The principal issue raised in this appeal is not whether Bracco lawfully detained the vehicle or whether he had the right to order the occupants to exit from it, but whether the police were provided with probable cause to search the vehicle and seize any of its contents as a result of what transpired after the vehicle was stopped. We note that there is nothing inherently incredible or improbable in the credibility determinations made by County Court after hearing testimony on defendant's motion to suppress as to the circumstances leading up to the stop and subsequent search of the vehicle. As those findings have ample support in the record, they are entitled to deference (see People v Rivera, 68 NY2d 786, 787-788 [1986]; People v Reid, 2 AD3d 1061, 1062 [2003], lv denied 3 NY3d 646 [2004]; People v Esposito, 191 AD2d 746, 747 [1993], lv denied 81 NY2d 885 [1993]).

After stopping the vehicle, Bracco observed, in plain view, a "plastic knotted wrap" on the vehicle's console that, based upon his experience in investigating street level narcotic activity, he recognized as material commonly used to package cocaine. In addition, as the occupants were exiting the vehicle, Bracco observed on the floor of the back seat another plastic wrap this one containing a white powder that resembled cocaine. Under the circumstances as they then existed, Bracco had reason to believe that illegal drugs were inside the vehicle and, at that point, had the legal authority to conduct an immediate search of the interior of the vehicle and seize any illegal contraband found in it (see People v Beriquette, 84 NY2d 978, 980 [1994]; People v Pierre, 8 AD3d 904, 905 [2004], lv denied 3 NY3d 710 [2004]; People v Foster, 4 AD3d 434, 434 [2005]; People v Dobere, 298 AD2d 770, 772 [2002]; see also People v Gaines, 57 AD3d 1120).
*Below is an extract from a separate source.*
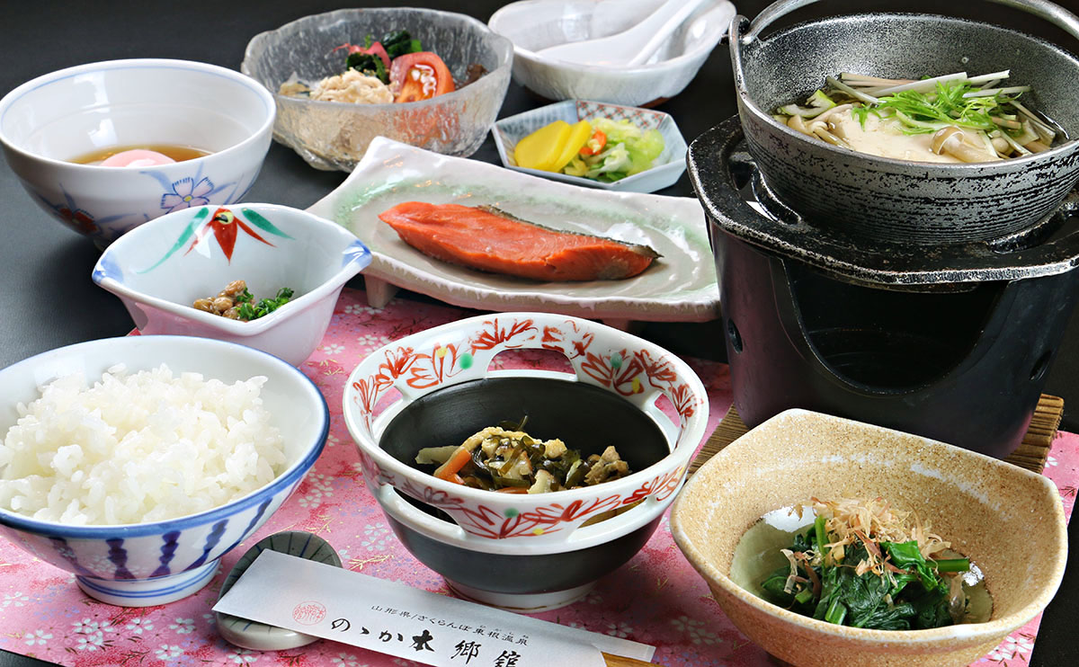 夕食には山形県ブランド米の「はえぬき」をご用意。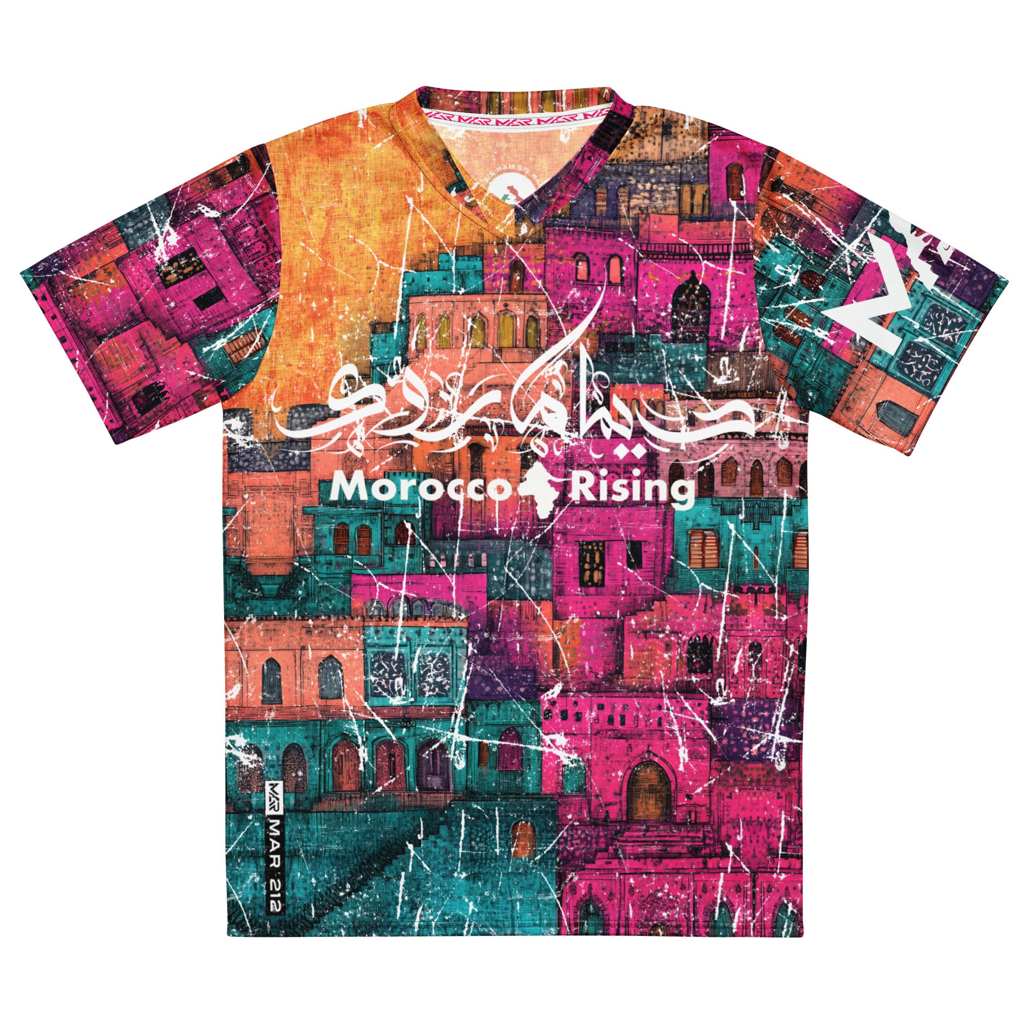 Aux teintes magenta, turquoise et orange, il affiche fièrement la calligraphie "مستمرين في الصعود" (Nous continuons à nous élever) et le slogan Morocco Rising.

Defendant also argues that the sentence was harsh and excessive and should be reduced. We disagree. The plea, as negotiated, was taken in full satisfaction of all charges pending against defendant and the resulting sentence was significantly less than he could have received if convicted of all of the crimes charged in the indictment. In addition, this was not defendant's first encounter with the criminal justice system. He was, at the time of sentencing, a repeat felony offender who had been convicted on two prior occasions of the sale of illegal drugs. In his plea allocution, defendant acknowledged not only that the cocaine found in the vehicle belonged to him, but that it was his intention to sell it. Under these circumstances, we cannot find the existence of any extraordinary circumstances that would justify a modification of his sentence (see People v Hawkins, 45 AD3d 989, 992 [2007], lv denied 9 NY3d 1034 [2008]; People v Kathy XX., 31 AD3d 1062, 1063 [2006], lv denied 7 NY3d 849 [2006]; People v Dolison, 23 AD3d 844, 845 [2005], lv denied 6 NY3d 812 [2006]).

Peters, J.P., Rose and Kane, JJ., concur.

ORDERED that the judgment is affirmed.